The survey found that the effects of the pandemic resulted in nearly 50 million Americans halting or reducing contributions to retirement savings. Thirty-eight million more withdrew money from retirement savings. 

At the same time, 59 million Americans began contributing more to their retirement savings.  

The survey underscored the gap between intention and action among a majority of Americans 50 and older. Seventy-one percent believe that having a will in place is the most important action to take before someone dies, yet only 49% actually have one. And only 19% of older adults have all three essential end-of-life documents in place: a will, health care directive/living will and designated power of attorney.

Besides the lack of these crucial documents, the survey found that long-term care is one of the biggest considerations for which Americans are unprepared. 

Fifty-one percent of Americans 50 and older said they do not have any long-term care plans in place, while 10% have arranged to live with a child or another close family member.

In another finding, 53 million respondents said they wish their parents and in-laws did a better job of managing their money.
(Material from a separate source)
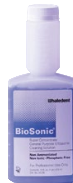
Desinfección de Instrumentos

Ref. 4137 Para 29 l. de disolución. 41,00 €

Millennials expressed the most concern about the solvency of their parents’ finances.

Fifty-three percent of these young participants worried that their parents and in-laws will become financially dependent on them one day. This spotlights the need for transparent dialogue within the family, Edward Jones said.

The Call for Advice

Seventy-one percent of respondents said the pandemic has brought their family closer together, and 63% agreed that there are many benefits of involving different generations in important financial decisions. 

Still, challenges persist in having family conversations about important financial topics, according to 60% of the sample. Twenty-two percent cited avoiding family conflict as a roadblock to discussion.

Twenty percent said they wanted to avoid burdening family members with their finances, and 18% acknowledged that they are simply too uncomfortable to discuss these topics.

“A financial advisor can help facilitate these conversations making things a little easier as family members navigate financial concerns, intergenerational needs and end-of-life financial considerations,” Carnie said. “To leave the legacy you desire, it’s essential to have a strategy and seek out trusted advice from a financial professional.” 

In fact, 22 million Americans began working with a financial advisor for the first time during the pandemic, Edward Jones said.